The group wanted to start out with a smaller project, so they used two 10-gallon aquariums, one for lettuce and the other for basil. The group researched how to create bacteria to produce the nitrates needed by the plants for food.

Their teacher and advisor, Tracy Bockbrader, attended a class to learn about aquaponics so she could help the students if they had problems. While the advisors were available for advice if the students hit a roadblock, they let the students do the work.

“And they really do know what they are doing, even though it was the first year with the project,” junior Taylor Anderson said.

Once the bacteria were balanced, the group was able to move to the next step. By that time the seeds had been planted onto the styrofoam and were about an inch tall.

“Then we put our plants on a little floating pieces of styrofoam and we put a bubbler in the tank so they get oxygen through their roots,” Matlack explained. “We planted the seeds and we are working on our second batch of lettuce and are doing really well on our basil.”
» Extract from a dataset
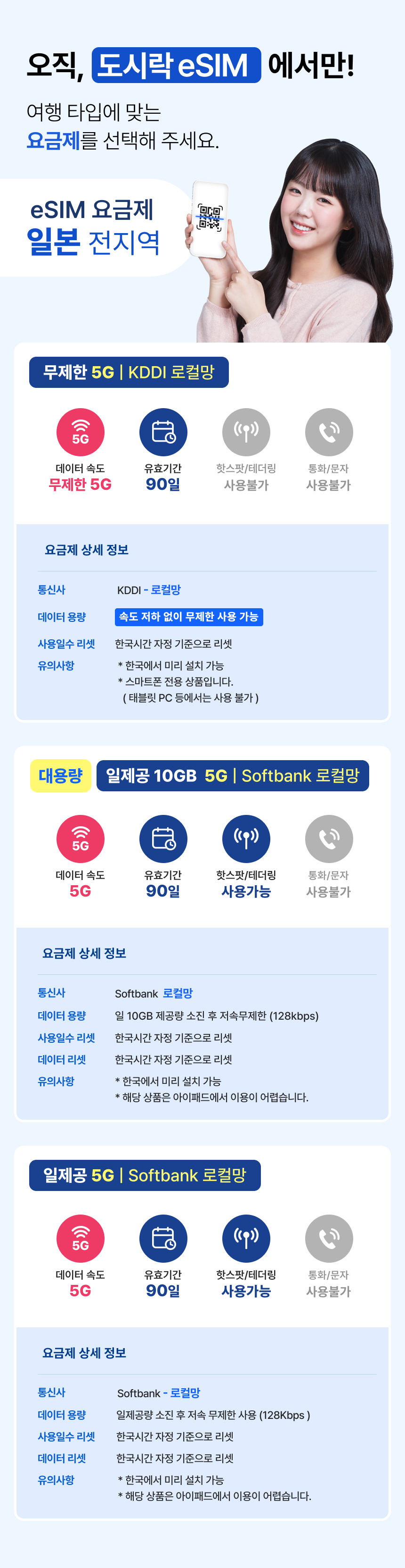 취소가능단말기에 eSIM 모듈이 탑재된 모델에서만 사용 가능합니다. 반드시 사용 가능 기종을 확인 후 구매 바랍니다. (설치 불가 사유는 환불 및 보상 불가) 상품 구매자 전원에게 도쿄역 캐릭터 스트리트 할인 쿠폰을 드려요! 쿠폰은 구매내역 페이지에서 다운로드 가능합니다. 상품 구매자 전원에게 오사카 나라 킨테츠 백화점 쿠폰을 드려요! 쿠폰은 구매내역 페이지에서 다운로드 가능합니다. 상품 구매자 전원에게 일본 빅카메라 7% 할인 쿠폰을 드려요! 쿠폰은 구매내역 페이지에서 다운로드 가능합니다. 상품 구매자 전원에게 일본 사츠도라 5% 할인 쿠폰을 드려요! 쿠폰은 구매내역 페이지에서 다운로드 가능합니다. 상품 구매자 전원에게 일본 돈키호테 최대 15% 할인 쿠폰을 드려요! 쿠폰은 구매내역 페이지에서 다운로드 가능합니다.

The basil was used by foreign exchange students when they cooked meals from their home country for the students.

The students needed a grow light for the plants and were given some that had been confiscated by the sheriff’s department.

As fascinating as the aquaponics work was, the project that everyone in the school participated in was the recycling.

The YES! group brainstormed for a project that would have an impact and save energy. They noticed the recycling efforts at the school had been dropping over the last few years and decided to get it moving forward again.

“We figured out a way we could make big recycling bins so that kids could separate out when they recycle,” junior Erika Fox said.

The students worked with shop/art teacher Jared Czech to come up with a design and build the bins.

The students were surprised by how quickly their classmates and the faculty began using the new bins as soon as they were set up. They expected to empty the bins weekly, but were surprised when it needed to be done every other day.

“It’s impressive how much we have filtered out of our trash,” Anderson said. “It’s really cool to see how kids react to something like that and jumped on board with it.”


According to a press release by YES!, knowing that just having the bins around school would not be enough, they began an advertising campaign to empower students to recycle. They even recruited key staff to assist in their efforts.

“The early results were an elimination of 80-100 pounds of waste per month being diverted from the landfill,” the release noted.

The final project the students worked on was planning a school garden. The students wanted to offer other students who may not otherwise have an opportunity to garden to be able to become involved with the project.

They were also hoping the garden would provide enough produce to be incorporated into the school meals by the cooks.

The ambitious youth planned to make a raised foundation for the garden on school property. They had a pile of dirt delivered to the site, then a city worker informed them they couldn't build a garden there because that’s where the city dumps snow.

“The city said they would be willing to help us move it and maybe give us some fence,” Matlack said.

The other roadblock the team ran into with the garden was acquiring pallets. The students planned to get about 50 pallets from a local business, but the day before they were to pick them up, the pallets were destroyed. The problem-solving students began calling around until they were able to find pallets elsewhere.

“We have had to do a lot of bouncing back from things that have happened,” Matlack said.


The city of Carlton has also offered to donate some large concrete planters if the group want to use them around the school.

“Let kids take control of the projects. When you make a whole bunch of kids think, we put our heads together and come up with some ideas,” Anderson said. “If you let the kids do most of the work they will be more involved and care more … it may take a little longer but the whole process will be more fun.”

The YES! coordinator agreed.

“The Carlton High School YES! Team did some incredible problem solving and implemented some innovative solutions to their projects,” DeVries said.